Los Angeles
Another one of the other more fascinating responses that I got to my letter of introduction was from a friend here in Los Angeles whose grandfather’s best friend was Sir William Samuel Stephenson CC MC DFC (January 23, 1897 – January 31, 1989).
He was a fascinating character. Here’s part of what Wikipedia has to say:
“A Canadian who fought in W.W.I with the Canadian Army Engineers, then transferred to the British Royal Flying Corps in 1917, after learning to fly while he was recovering from being gassed in 1916. Stephenson flew the British Sopwith Camel fighter biplane and scored twelve victories before he was shot down and captured by the Germans on July 28, 1918.”
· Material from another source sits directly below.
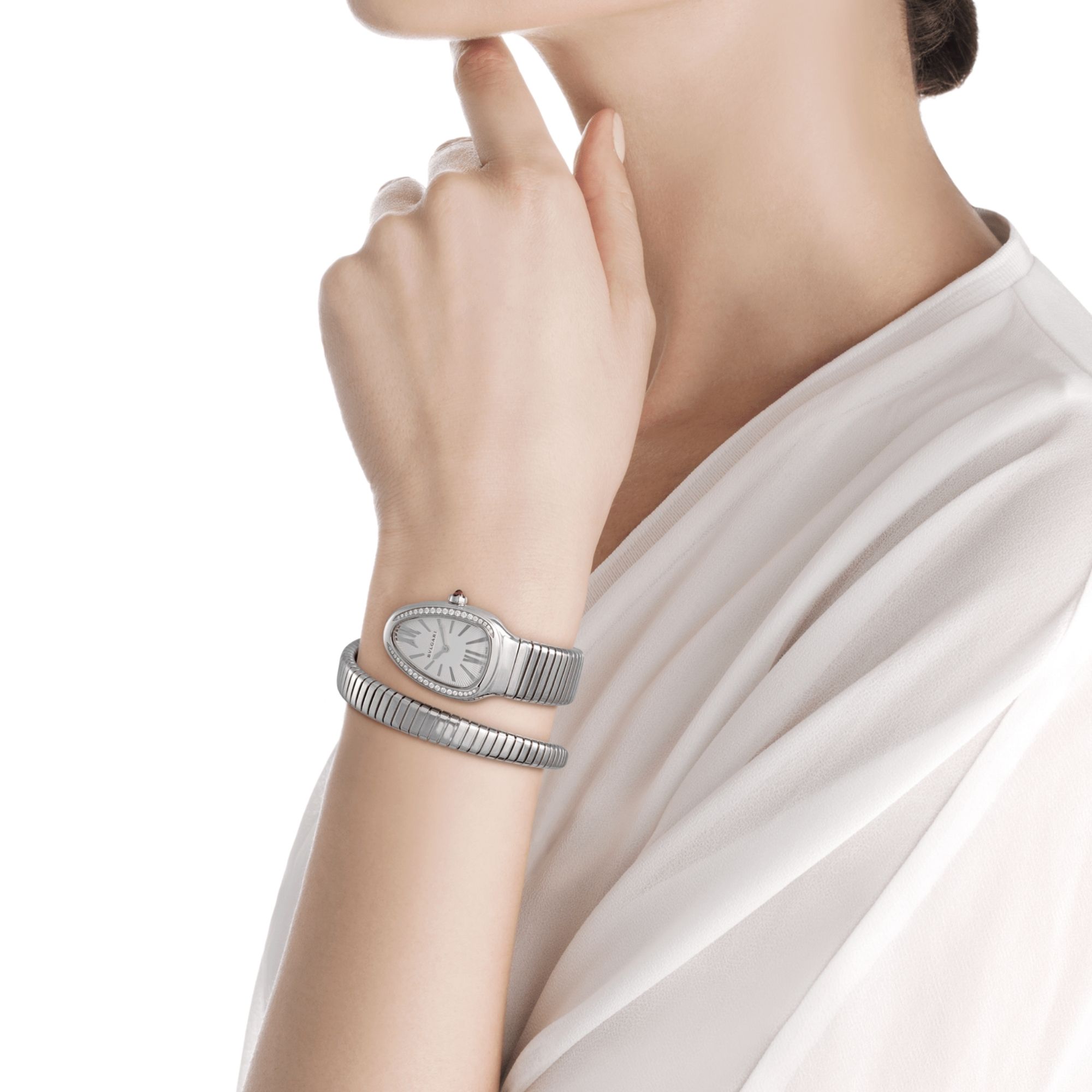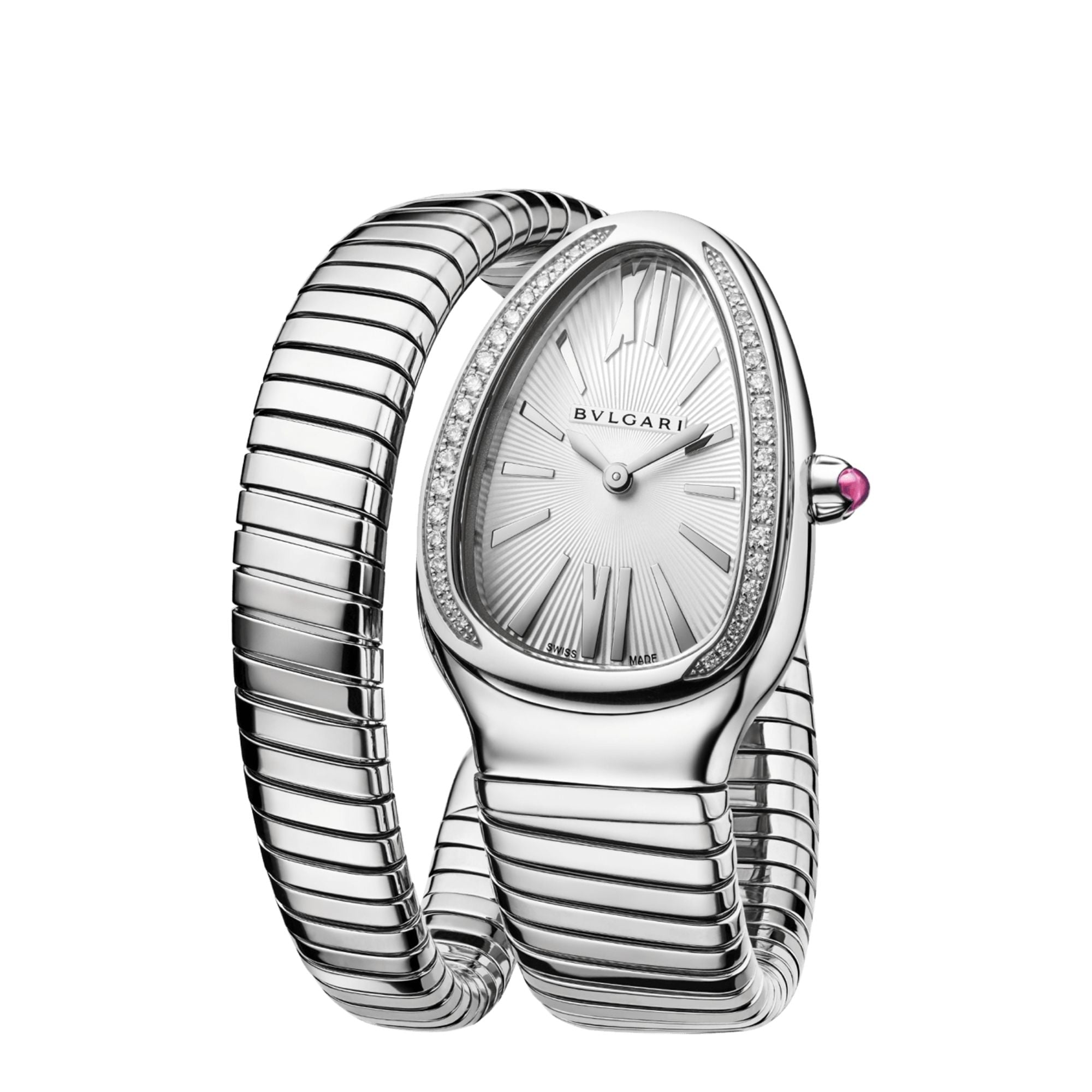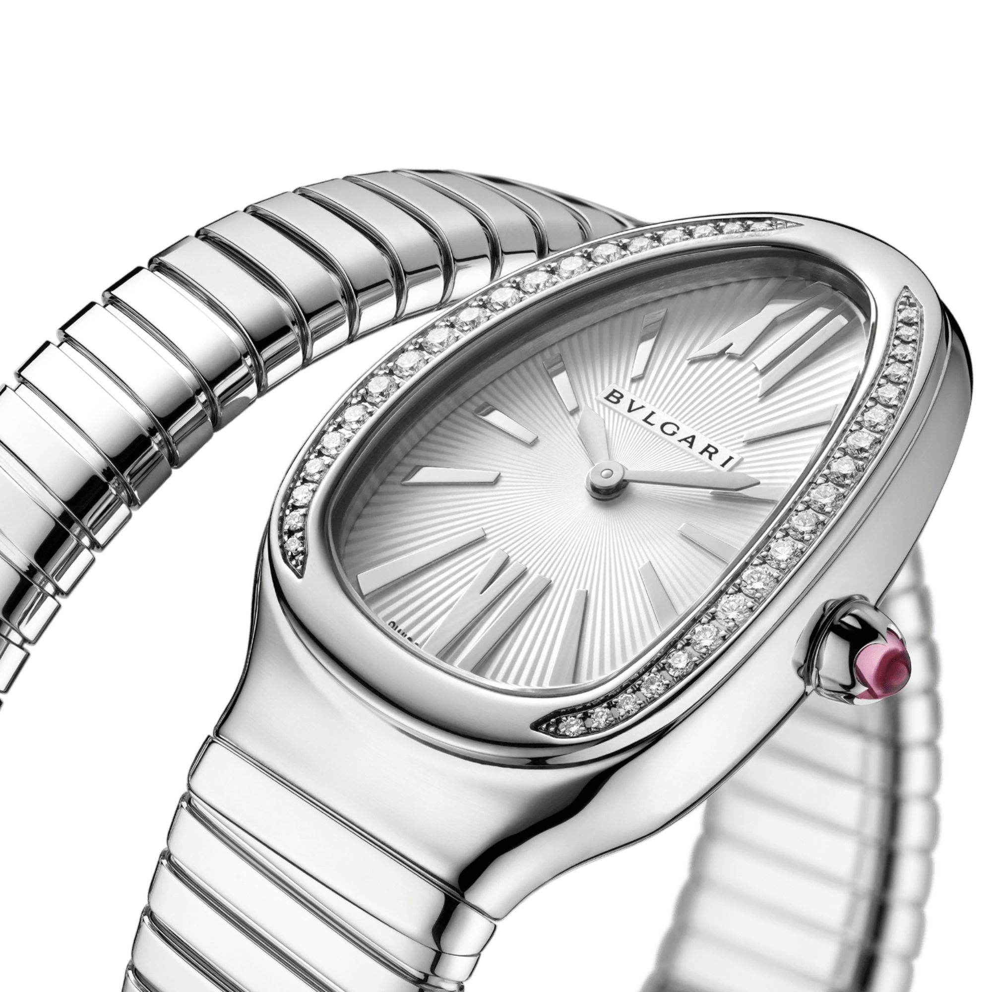 Combining two of Bulgari’s most iconic design symbols, the Serpenti Tubogas watch combines the sinuosity of the snake with the contemporary appeal of Tubogas. A perfect harmony of tubular shapes that evoke the sensuality of feminine curves and the supple elegance of the snake. With its unique and captivating style, the watch renews the iconic appeal of an ever-evolving collection. Serpenti Tubogas watch with quartz movement, 35mm curved stainless steel case set with brilliant-cut diamonds, stainless steel crown set with cabochon-cut pink rubellite, opaline silver dial with sunburst guilloché finish and hand-applied indexes, stainless steel spiral bracelet.

The entry goes on to say that in the lead up to Second World War, he became a wealthy industrialist and
“As early as April 1936 Stephenson was voluntarily providing confidential information to the British, passing on detailed information to British opposition MP Winston Churchill about how Hitler’s Nazi government was building up its armed forces and hiding military expenditures of eight hundred million pounds sterling. This was a clear violation of the terms of the Treaty of Versailles and showed the growing Nazi threat to European and international security; Churchill used Stephenson’s information in Parliament to warn against the appeasement polices of the government of Neville Chamberlain.”
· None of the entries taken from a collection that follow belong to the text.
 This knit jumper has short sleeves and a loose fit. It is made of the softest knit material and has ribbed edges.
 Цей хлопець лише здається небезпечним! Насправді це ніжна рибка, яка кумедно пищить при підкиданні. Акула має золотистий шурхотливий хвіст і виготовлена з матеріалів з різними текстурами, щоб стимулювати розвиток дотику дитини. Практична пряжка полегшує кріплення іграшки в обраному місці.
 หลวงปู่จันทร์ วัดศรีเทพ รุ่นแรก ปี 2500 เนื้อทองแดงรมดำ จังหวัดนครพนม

After the Second World War began Winston Churchill sent Stephenson to the United States on 21 June 1940 to covertly establish and run the British Security Coordination (BSC) in New York City, more than a year prior to the US entering the war.
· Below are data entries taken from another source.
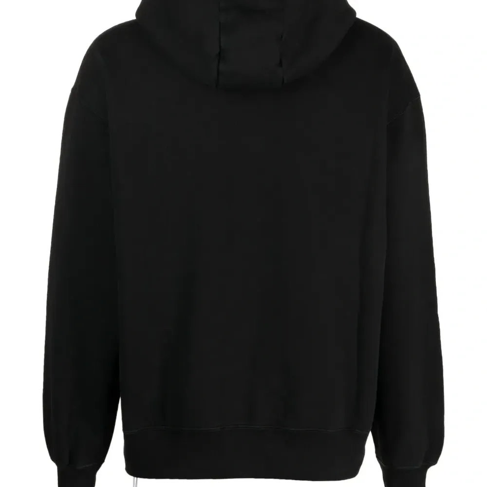 Черный, хлопок, логотип спереди, затягивающийся на шнурок капюшон, карман-муфта, длинные рукава и подол с кулиской.
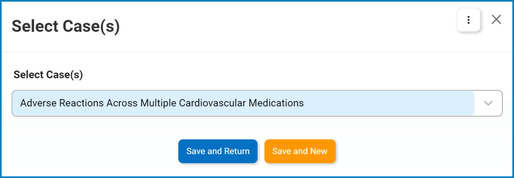 - Save and New: This button allows users to save the case selection and open a new window to make another selection.
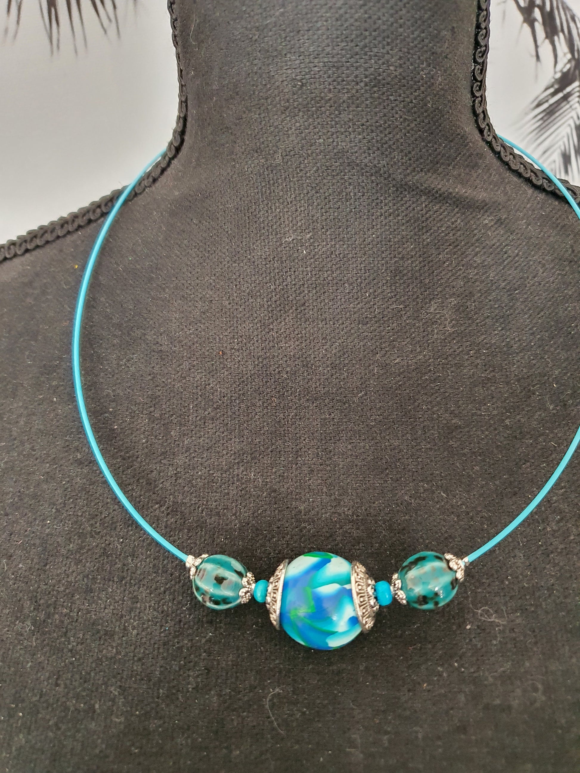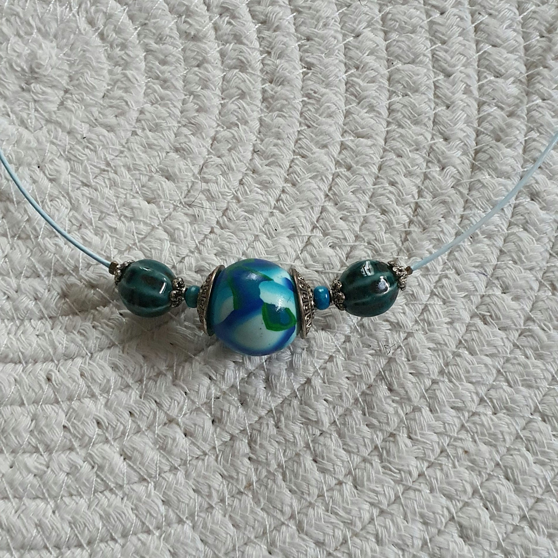 Perle polymère montée sur câble avec 2 Perles en céramique+ fermoir couleur argent.

The BSC office headquartered in room 3603 in Rockefeller Center became an umbrella organisation that by the end of the war represented the British intelligence agencies MI5, MI6 (SIS or Secret Intelligence Service), SOE (Special Operations Executive) and PWE (Political Warfare Executive) throughout North America, South America and the Caribbean.
In his role as the senior representative of British intelligence in the western hemisphere Stephenson was one of the few people in the hemisphere authorised to view raw Ultra transcripts from the British Bletchley Park code-breaking of German Enigma ciphers.
He was trusted by Churchill to decide what Ultra information to pass along to various branches of the US and Canadian governments.”